VAIDS

Wednesday, February 27, 2013

St. Peter’s Square for Pope’s final general audience



Tens of thousands of people toting banners saying “Thank you!” jammed St. Peter’s Square on Wednesday to bid farewell to Pope Benedict XVI at his final general audience — the appointment he kept each week to teach the world about the Catholic faith.


St. Peter’s was overflowing and pilgrims and curiosity-seekers were picking spots along the main boulevard nearby to watch the event on giant TV screens. Some 50,000 tickets were requested for Benedict’s final master class, but Italian media estimated the number of people actually attending could be double that.

With chants of “Benedetto” erupting every so often, the mood — even hours before Benedict was to arrive — was far more buoyant than during the pope’s final Sunday blessing and recalled the jubilant turnouts that often accompanied him at World Youth Days and events involving his predecessor, Pope John Paul II.

“It’s difficult — the emotion is so big,” said Jan Marie, a 53-year-old Roman in his first years as a seminarian. “We came to support the pope’s decision, and feel the air of the church.”
Benedict on Thursday will become the first pope in 600 years to resign, a decision he said he took after realizing that, at 85, he simply didn’t have the strength of mind or body to carry on. After his general audience Wednesday, he will meet Thursday morning with cardinals for a final time, then fly by helicopter to the papal residence at Castel Gandolfo south of Rome.
There, at 8 p.m., the doors of the palazzo will close and the Swiss Guards in attendance will go off duty, their service protecting the head of the Catholic Church over — for now.

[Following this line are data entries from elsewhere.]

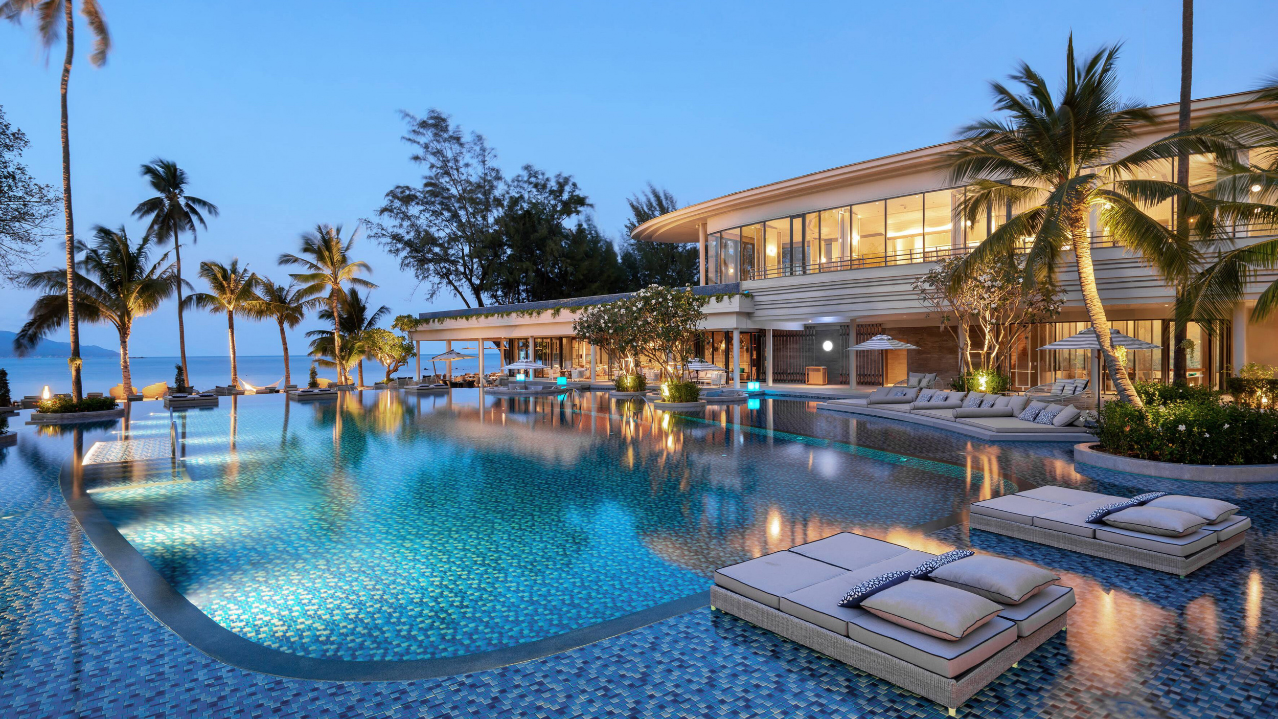 The Level Boat Suite Seaview (91 м.кв.) - Традиционная баржа из тикового дерева преобразована в хорошо оборудованный люкс с роскошными удобствами, новейшими технологиями и привилегиями. Полюбуйтесь завораживающим панорамным видом на сверкающий океан в Сиамском заливе и потрясающий бассейн с большой террасой, на которой установлен большой диван.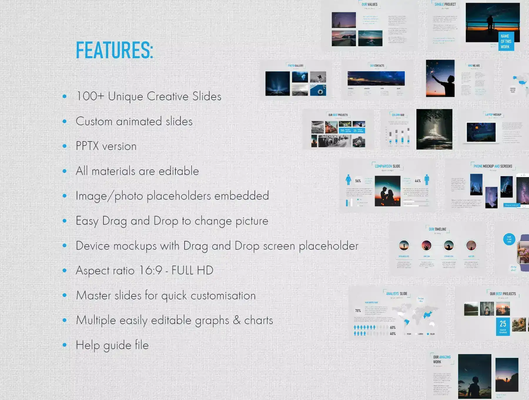 This template has a variety of great features including creative photo placeholders, overlays, diagrams, maps, mockups and much more! You can edit everything very easy in PowerPoint.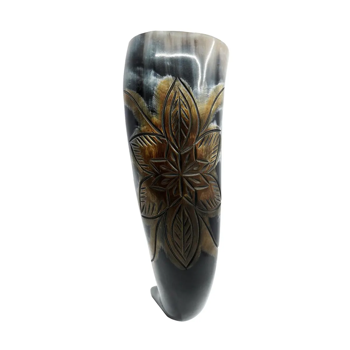Note: Each horn is made from natural ox horn and finished by hand. Variations in color, grain, shape, and burned pattern are natural.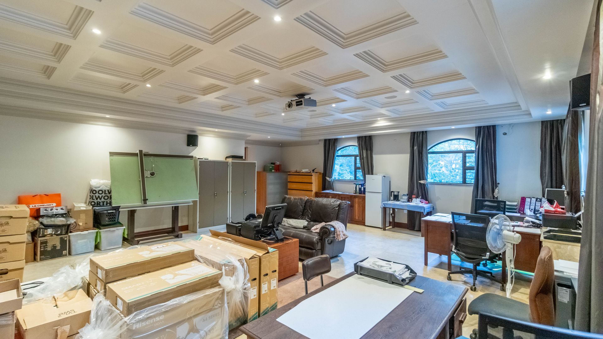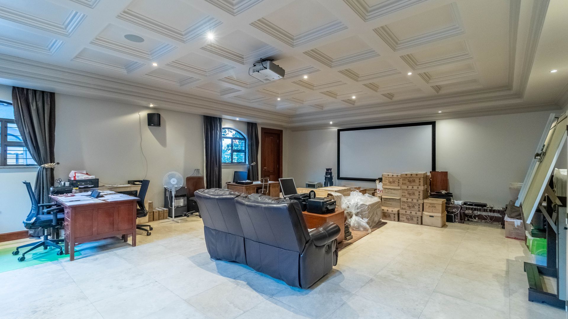 For additional space, there's a separate theater room or office with its own entrance, plus a separate cottage with a kitchen, gas stove, bathroom, and a bedroom with a balcony, offering 70sqm of living space.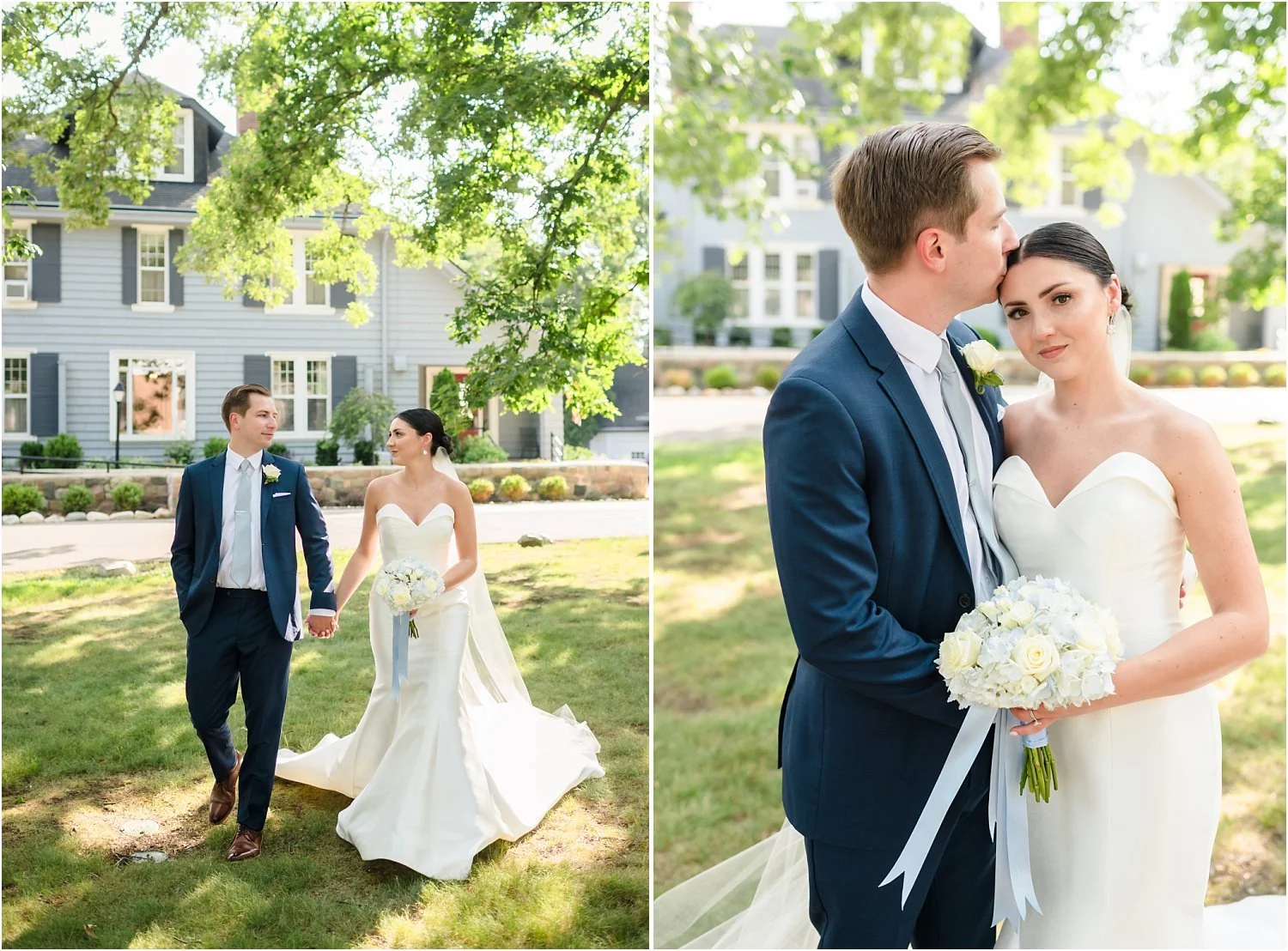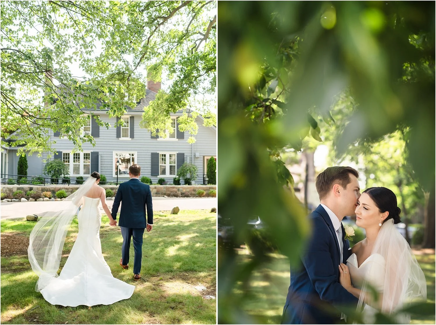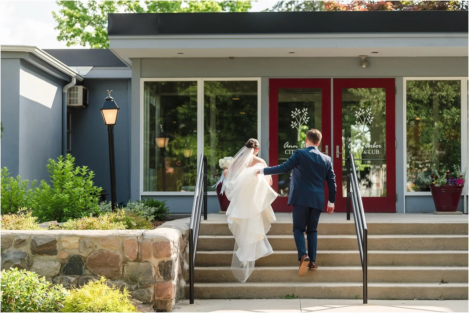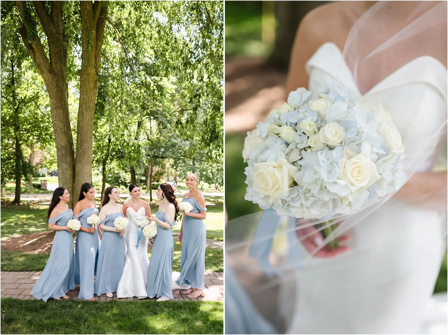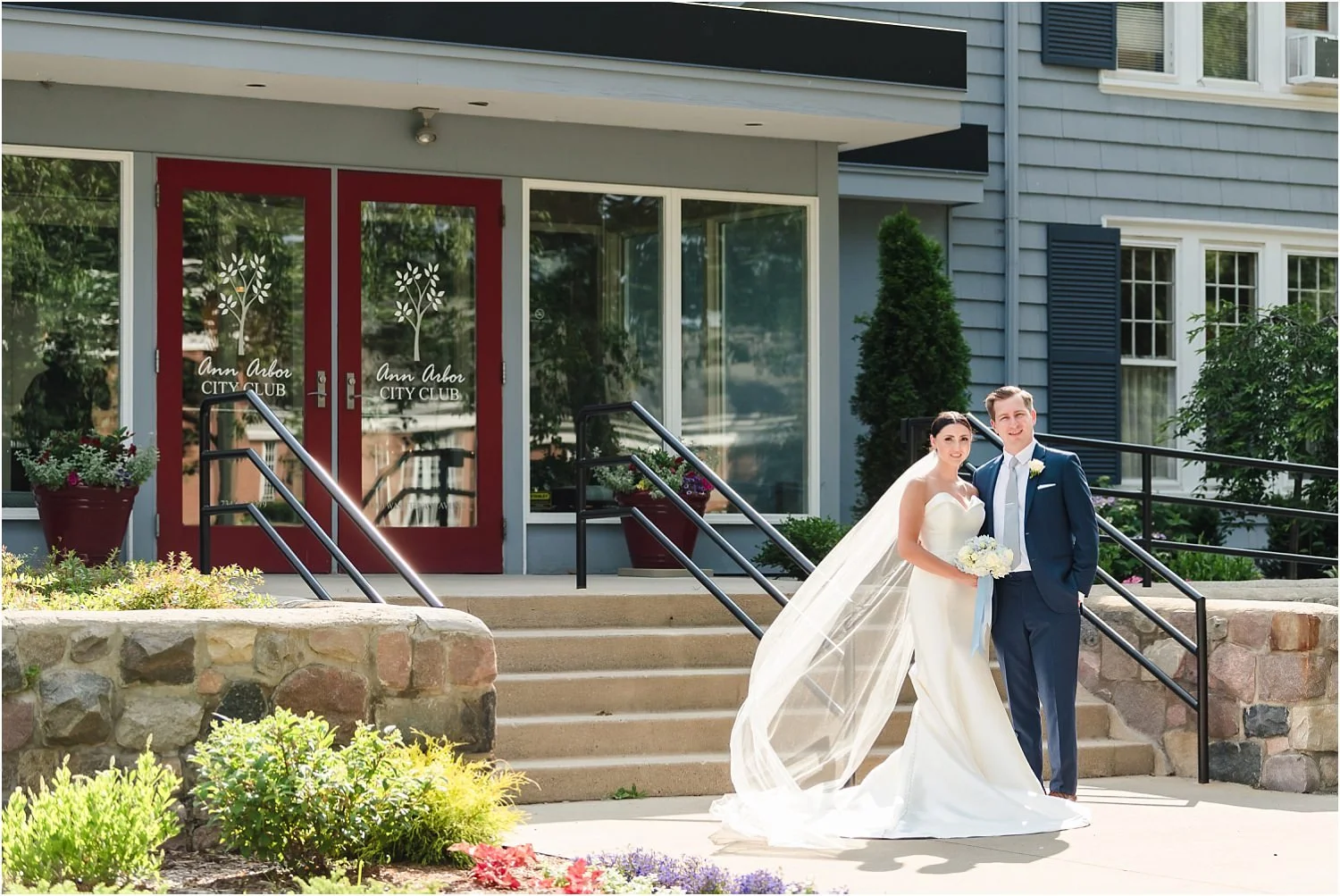 Talk about a picture-perfect summer wedding! The Ann Arbor City Club looked like it was straight out of a fairytale with the sun streaming through the trees at the ceremony. T totally stole the show with her fitted modern gown and her cathedral veil – it was an amazing contrast to this historic venue. T & D also chose a perfect color scheme, blue, blush, and white, and it matched the exterior of the building perfectly. I love little touches like that- thoughtful details really make each wedding so unique. As a Ann Arbor wedding photographer, this is probably my favorite venue in Ann Arbor proper just due to it’s historic charm and proximity to campus.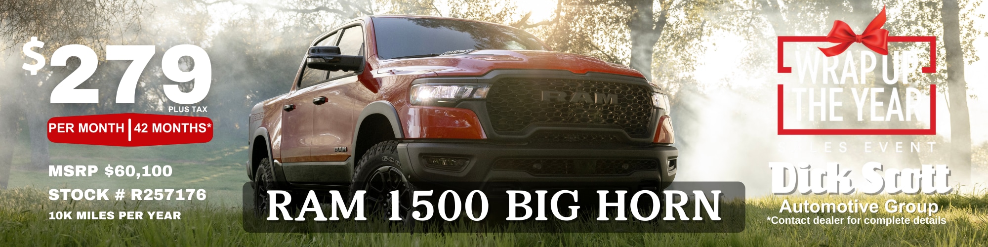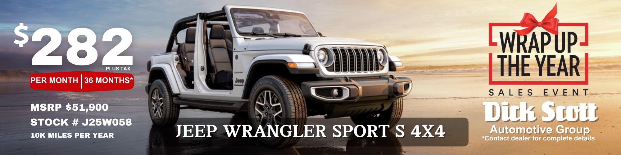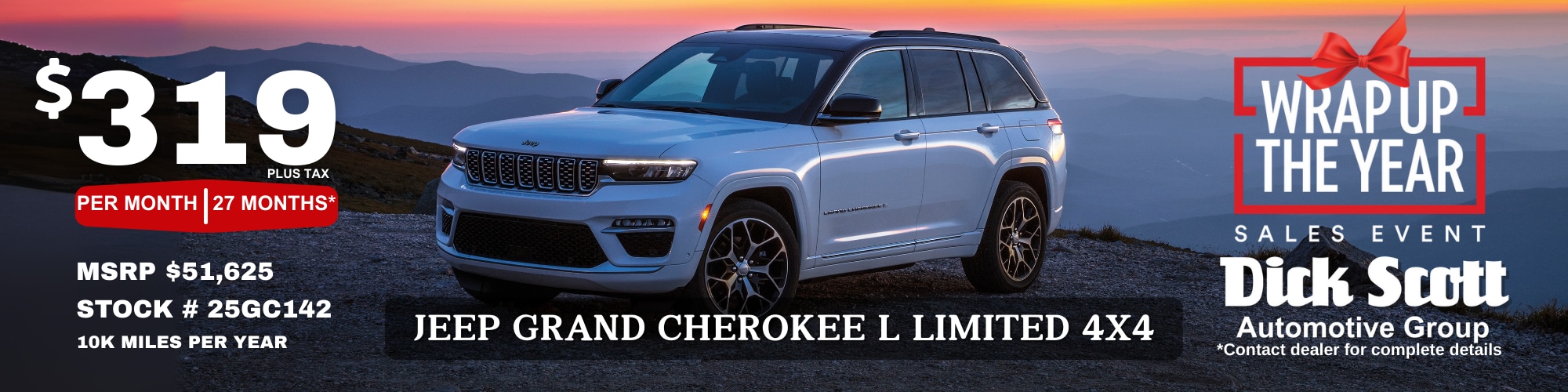 *Low-mileage lease for well qualified returning lessees. Based on Stock or an MSRP example shown on ad after all applicable rebates. Closed-end lease based on term stated above. All rebates to dealer. Leases with approved credit, must qualify for tier 1 credit through preferred lending institutions. All leases are 10k miles/year or as shown and .25 cents/mile overage. All payments are Plus Tax. Lessee responsible for excess wear and tear. $3995 cash due at signing plus 1st payment, taxes on cash and incentives down, plate, title, doc fee, and registration. Must qualify for Employee Pricing and all applicable rebates including returning lessee. Must take delivery from dealer stock. Offers expire 1/02/2026. Picture may not represent actual vehicle. See dealer for complete details. Offer available at Dick Scott Chrysler Dodge Jeep Ram in Plymouth or Dick Scott Motor Mall in Fowlerville.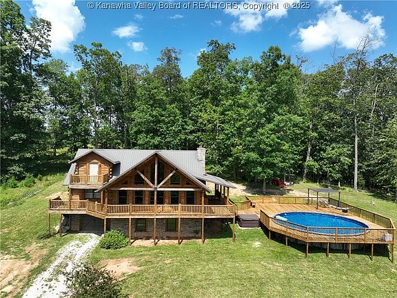 Enjoy your own private retreat with this beautifully maintained one-owner Appalachian Log Home Structure, nestled on 20 peaceful acres ideal for hunting, recreation, or livestock. Rich in rustic charm and modern comfort, the home features hardwood floors throughout, soaring vaulted ceilings, and a stunning stone fireplace at the heart of the spacious great room.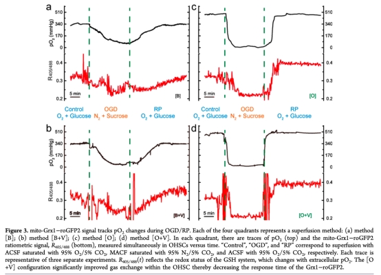 3. 測量了mito-Grx1-roGFP2信號與pO2變化的同步性(圖3),研究意義是證實了傳感器能快速響應OGD/RP過程中的氧化還原變化,驗證了方法的實時性。

Many of the cardinals who will choose Benedict’s successor were in St. Peter’s Square for his final audience, including retired Los Angeles Cardinal Roger Mahony, object of a grass-roots campaign in the U.S. to persuade him to recuse himself for having covered up for sexually abusive priests. Mahony has said he will vote.

Vatican officials say cardinals will begin meeting on Monday to decide when to set the date for the conclave to elect the next pope.
But the rank-and-file in the crowd on Wednesday weren’t so concerned with the future; they wanted to savour the final moments with the pope they have known for eight years.

“I came to thank him for the testimony that he has given the church,” said Maria Cristina Chiarini, a 52-year-old homemaker who travelled by train early Wednesday from Lugo, near Ravenna, with some 60 members of her parish. “There’s nostalgia, human nostalgia, but also comfort, because as a Christian we have hope. The Lord won’t leave us without a guide.”